Danke schon mal im vorraus.


----------



## feivel (1. Januar 2010)

sind sie...aber ich persönlich bevorzuge windvd2010


----------



## ghostadmin (1. Januar 2010)

Wieso lädst du dir nicht einfach die Demo.... und probierst es aus..?


----------



## Bioschnitzel (1. Januar 2010)

Wenn dein Monitor HDCP unterstützt und du ihn mit einem Digitalen Signal versorgst (DVI oder HDMI) dann gehts es.


----------



## kelevra (1. Januar 2010)

Fr3@k schrieb:


> Wenn dein Monitor HDCP unterstützt und du ihn mit einem Digitalen Signal versorgst (DVI oder HDMI) dann gehts es.

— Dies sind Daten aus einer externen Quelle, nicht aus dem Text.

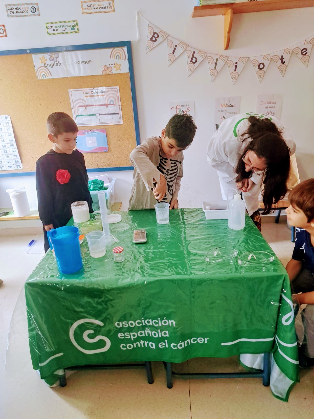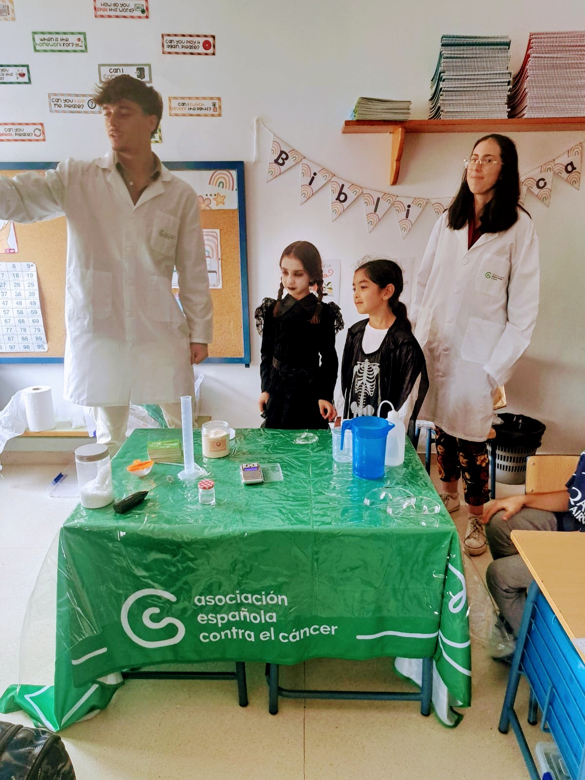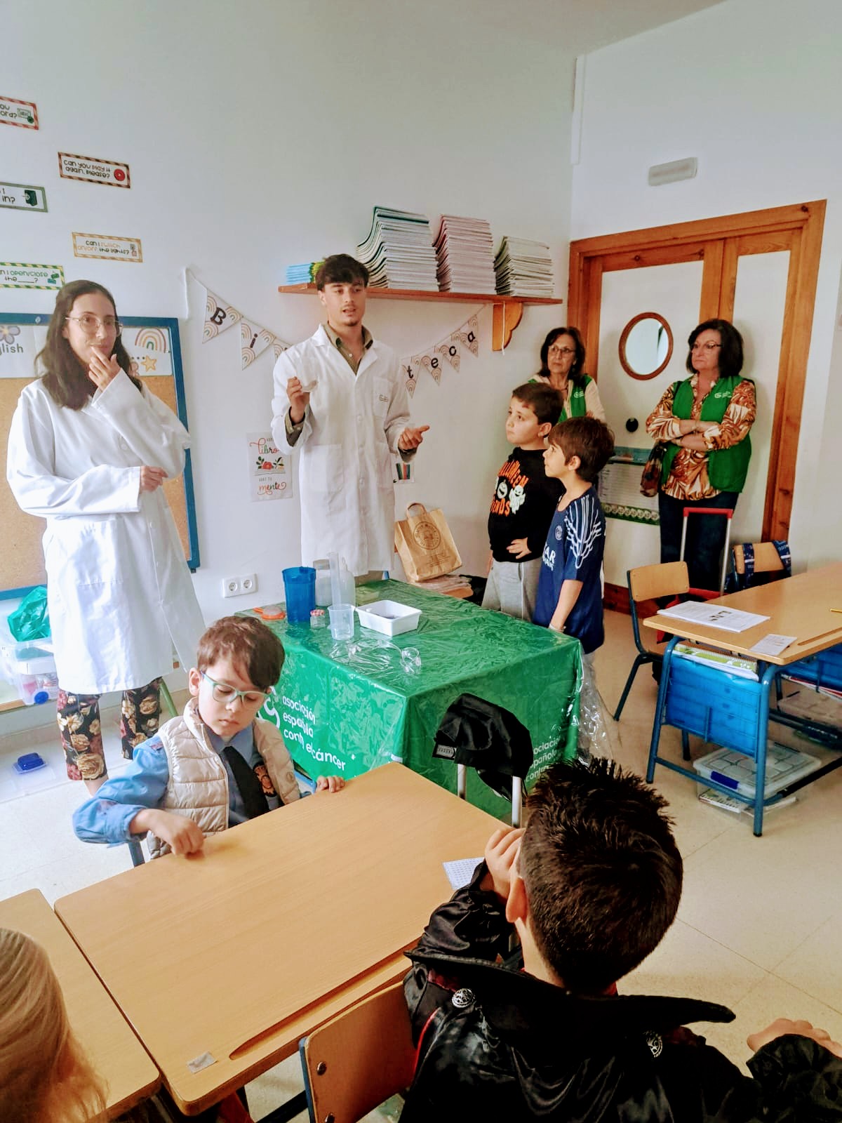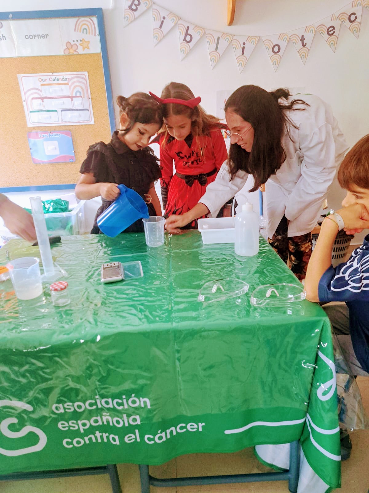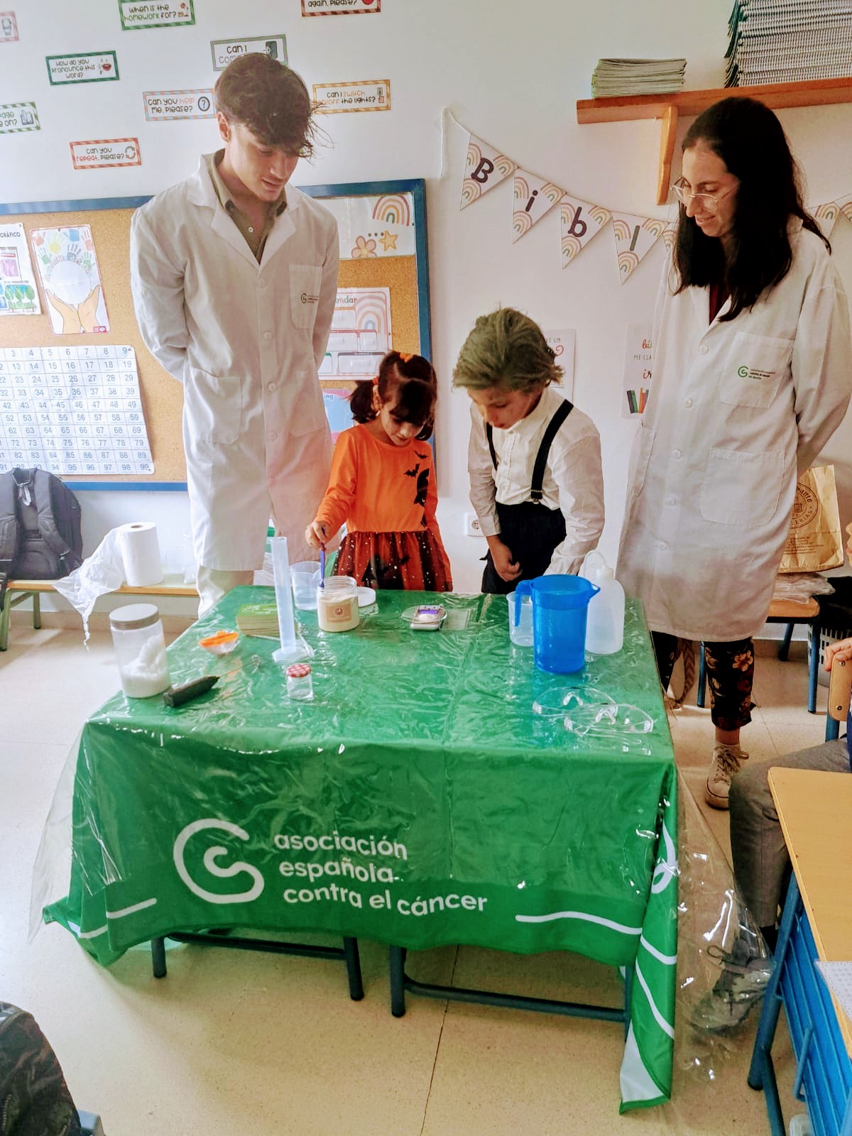 Los niños y niñas de 1º y 2º han recibido la visita de dos biólogos gracias a la Asociación Española contra el Cáncer. Con dicha actividad se pretende crear cultura científica entre la sociedad y despertar vocaciones por la ciencia entre los más jóvenes. ¡Han realizado numerosos experimentos!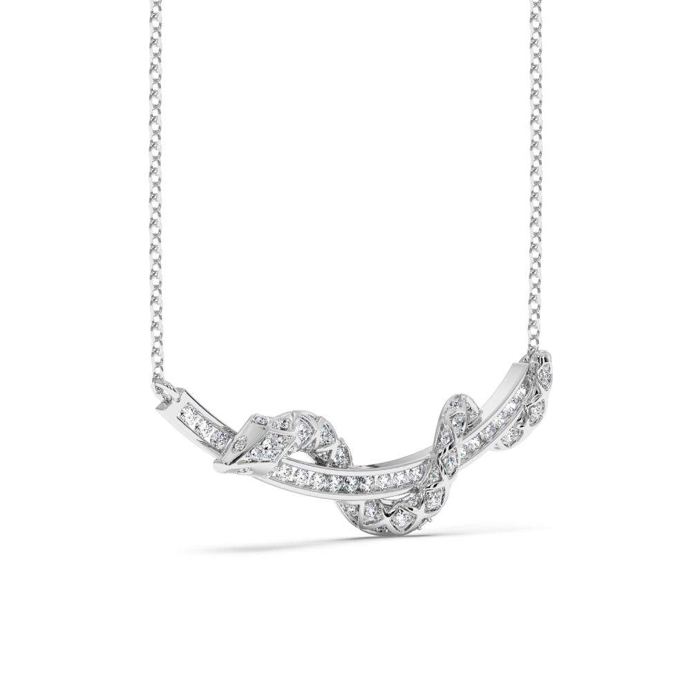 Pandantiv din aur alb de 14K, cu diamante de 1.10ct. Greutatea pandantivului este de aproximativ 8.50 grame.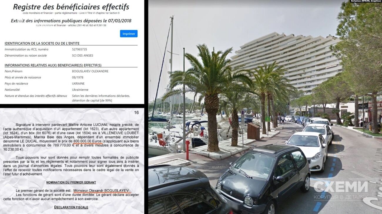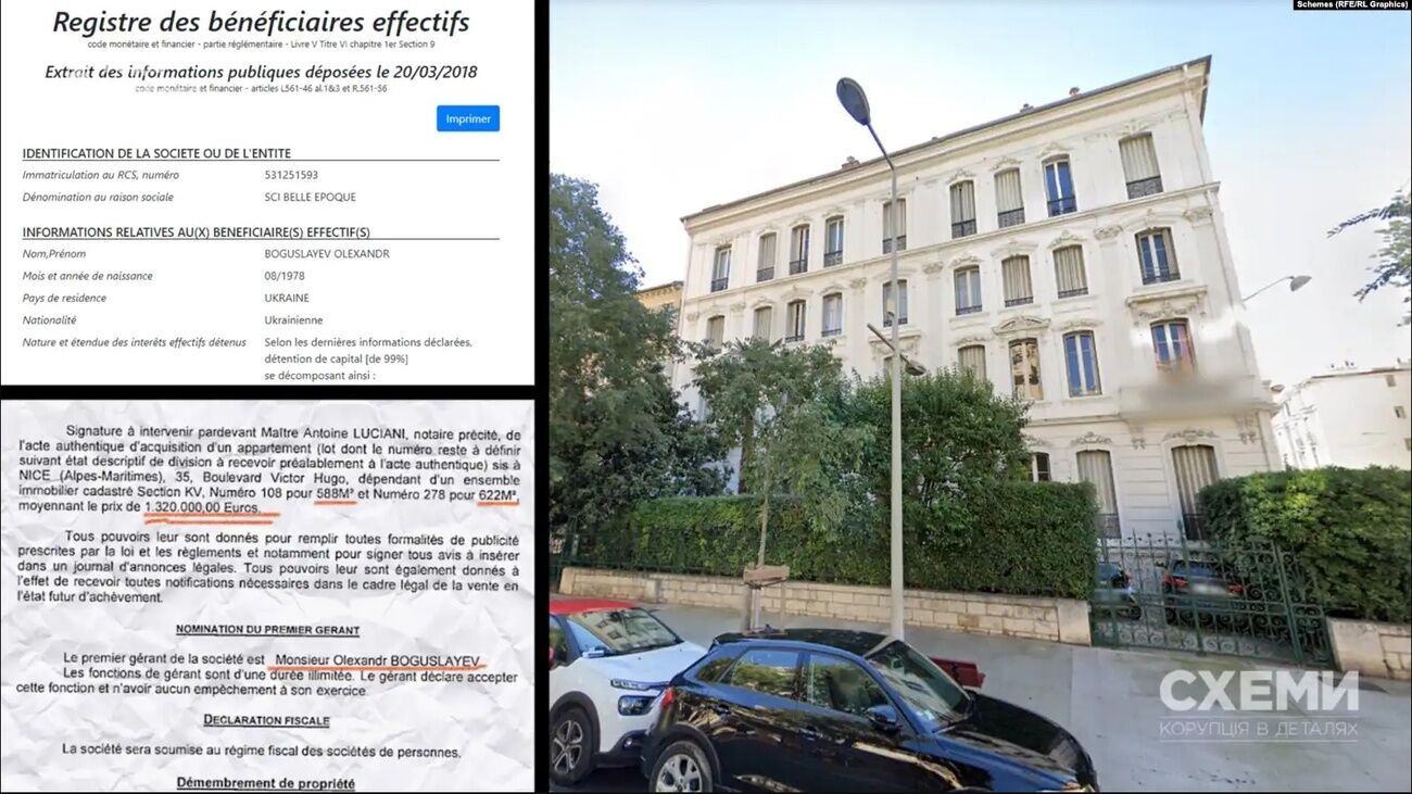 Журналісти встановили, що Олександр Богуслаєв, зокрема, володіє фірмою Sci De La Promenade Des Anglais. На неї записано квартиру й підвальне приміщення в Ніцці на Англійській набережній вартістю €850 тис.

Hat bei mir sogar mit nem VGA Kabel funktioniert. Nutzer aber normalerweise ein DVI Kabel. PowerDVD9 macht auch keine Probleme.


----------



## wongfeihung (1. Januar 2010)

Danke für die Antworten, werde mir nun also PowerDvD 9 Ultra bestellen.

mfG Mirko


----------



## Bioschnitzel (1. Januar 2010)

kelevra schrieb:


> Hat bei mir sogar mit nem VGA Kabel funktioniert. Nutzer aber normalerweise ein DVI Kabel. PowerDVD9 macht auch keine Probleme.



Mit einer originalen BluRay würde dies aber nicht gehen


----------



## Lord Wotan (1. Januar 2010)

Also da auch die Version 7.3 läuft. Wird die Version 9 denke ich auf jeden Fall laufen.


----------



## Oi!Olli (1. Januar 2010)

Fr3@k schrieb:


> Mit einer originalen BluRay würde dies aber nicht gehen




Kommt auf den Player und die BD an.

Viele haben den neuen Kopierschutz gar nicht darauf andere nur abgeschwächt.


----------



## feivel (2. Januar 2010)

über vga gehts meines wissens immer, da wird einfach keiner mitübertragen
aber dvi/bzw. hdmi müssen hdcp fähig sein....


----------



## Bioschnitzel (2. Januar 2010)

feivel schrieb:


> über vga gehts meines wissens immer, da wird einfach keiner mitübertragen
> aber dvi/bzw. hdmi müssen hdcp fähig sein....



Es gibt ein Tool was dir anzeigt inwiefern dein PC BluRay-Fähig ist. Dort sieht man aufgelistet was fehlt. 

Fängt an beim Laufwerk, über Bildschirm, bis hin zur Software.


----------



## Lord Wotan (2. Januar 2010)

Und hier ein Link zum Testprogramm

CyberLink Blu-ray Disc Support


----------



## Oi!Olli (3. Januar 2010)

feivel schrieb:


> über vga gehts meines wissens immer, da wird einfach keiner mitübertragen
> aber dvi/bzw. hdmi müssen hdcp fähig sein....




Da wird keiner übertragen richtig. Deswegen sieht der Kopierschutz ja auch eine Sperrung der analogen Ausgänge vor.


----------



## Eol_Ruin (3. Januar 2010)

kelevra schrieb:


> Hat bei mir sogar mit nem VGA Kabel funktioniert. Nutzer aber normalerweise ein DVI Kabel. PowerDVD9 macht auch keine Probleme.



ABer nicht in HD-Auflösung sondern heruneterskaliert.


----------



## NuVeon (4. Januar 2010)

> Deswegen sieht der Kopierschutz ja auch eine Sperrung der analogen Ausgänge vor.



genau und deswegen wird auf diesen geräten auch dann nur der sd inhalt des films angezeigt ...


----------